In any case, in both you can define a maximum time that you can use the phone. Once the daily time is over, it can no longer be used. In the case of Screen Time, you can define applications that can be used once the time is up. In the case of Family link, once the time is up, only calls can be made. Basically this is the imported function: to control the time spent. Logically, parents can see in which applications they have invested the time, but without seeing exactly what they have done. We can’t read whatsapp conversations, nor the messages they have put in the instagram, but we can read how long they have been in each one. In addition, specific applications can be blocked. And, in the case of the Family link, specify a maximum time for each specific application (apart from the total time limit). I think maintaining your privacy is important and a sign of trust.

As with everything, you have to provoke the conversation. What do you do with this application? What is it for? Can you show me an example? But it’s always better if they show us.

In both you can control the location if it is activated. In my case I have not considered it necessary. The trust is great enough that we don’t need it. But, if it never breaks, it’s okay for the temporary possibility to be. But, if they are a bit skillful, it’s very easy to avoid this tracking (don’t tell them, but just activate the battery saving system).

Some technical issues

Although I paint it well, with dialogue and agreement, these applications have also caused tense situations. When they run out of time and want to continue, they create difficult situations. But that’s what it’s all about. It’s about managing them and learning from them.

They are not so clear about it, so they have looked for ways to bypass these controls. I’ll share with you a couple of the techniques and their solutions.

  1. Main user. The first user to be installed on the android phone must be a parent user. The first one is always an administrator. If he is your user, you could create another user and you would no longer have parental control. It is much better that, once the parent user is installed, another one is created for the child. This new user does not have permission to create new ones. This new user is not allowed to create new ones.
  2. Initial PIN. This can be tedious, but it is best not to know the SIM PIN, which is asked when the phone is started. Most phones have an option to restart in safe mode. This allows the phone to restart and boot only with the applications that came as standard, to detect and correct errors. And of course, the parental control applications did not come and do not start.
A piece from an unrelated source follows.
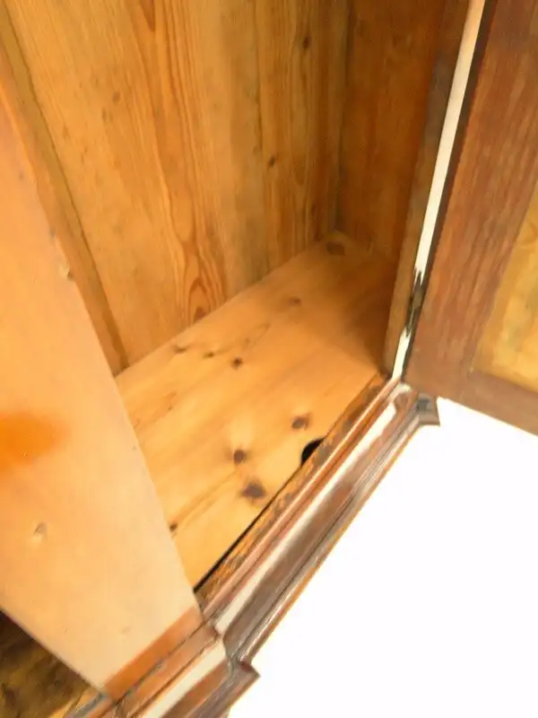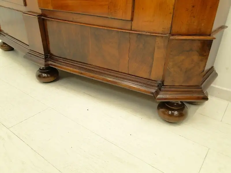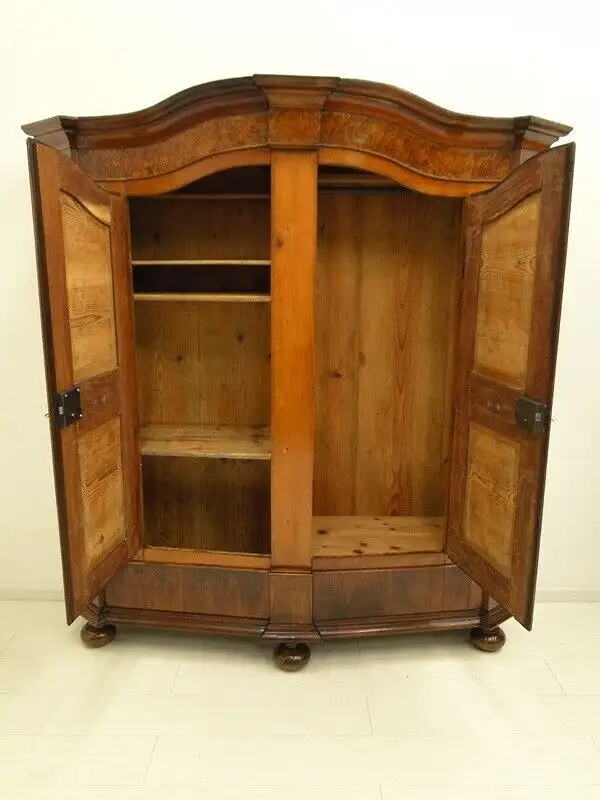 Ein herrlicher ORIGINAL Barockkasten ein sogenannter Reisekasten, daher auch die außergewöhnliche Tiefe - da diese Kästen früher zerlegt wurden und mit der Kutsche transportiert worden sind, ließ der Kasten sich so leichter verstauen, tolles Furnierbild mit schönen Intarsien, zwei Flügeltüren - innen rechts zum Hängen mittels Kleiderstange, links zum Legen mittels Fächer, im Bereich rechts unten befindet sich ein Geheimfach, der Außenkorpus ist komplett im ORIGINAL Zustand, im Laufe der Zeit wurden jedoch die Holzverbindungen teilweise durch Metall ergänzt und ersetzt, wie auf den Bildern ersichtlich hat der Kasten leichte altersbedingte Gebrauchsspuren ua. rechts unten ein Trocknungsriss, diese gehören jedoch bei solchen Möbel einfach dazu und verleihen Ihnen Ihren außergewöhnlichen Charme, der Kasten wurde komplett überarbeitet und aufgefrischt. \n\nMaße: ca. 174 cm breit ca. 188 cm hoch ca. 50 cm tief \n\nArtikelnummer: 5334D
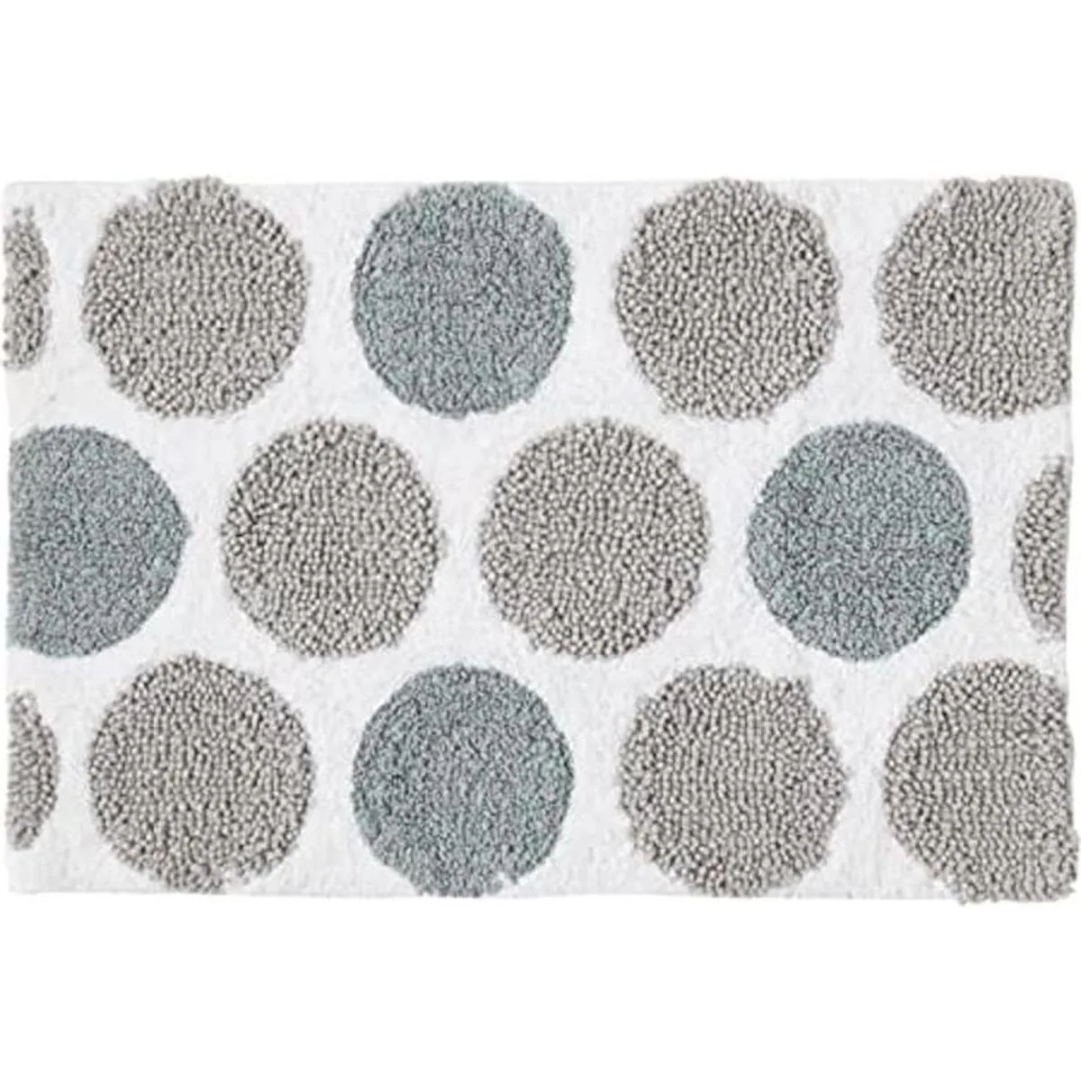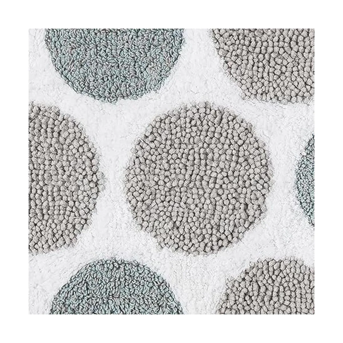 Atención al detalle: hunde los dedos de los pies en esta lujosa alfombrilla de baño suave. La alfombra de baño Avanti con círculos punteados blancos con gris y azul de algodón copetudo dará vida a tu baño.

So you could reboot in safe mode and enter youtube or browse the entire internet (although you would have neither whatsapp, nor instagram, nor tik tok, etc.). If you don’t know the PIN, when you restart it will ask you to enter the PIN and you can control if it is in safe mode or not.


From there on, not too much should be forbidden from the school. The family can see if the mobile is used when it is not touching and blocking times can be defined. If we want to give the mobile phone to the child so that when they leave school they have to go somewhere and we are more relaxed if they have a mobile, we block the rest of the hours. If the school allows it in the playground and not in class and we do not agree, we can set the playground blocking time and we are ready. In this way, the families take responsibility and we unload the school, which has a lot of work to do more than chasing students who use their mobile phones when they are not touching them.

Personally, I think that the mobile phone is a great tool and that we can get a lot out of it at school. But I also believe that a teenager cannot have a device of this potential without any kind of control. Therefore, families, give the mobile phone to your children when you consider it appropriate, but control what they do with it and accompany them in learning to use it responsibly.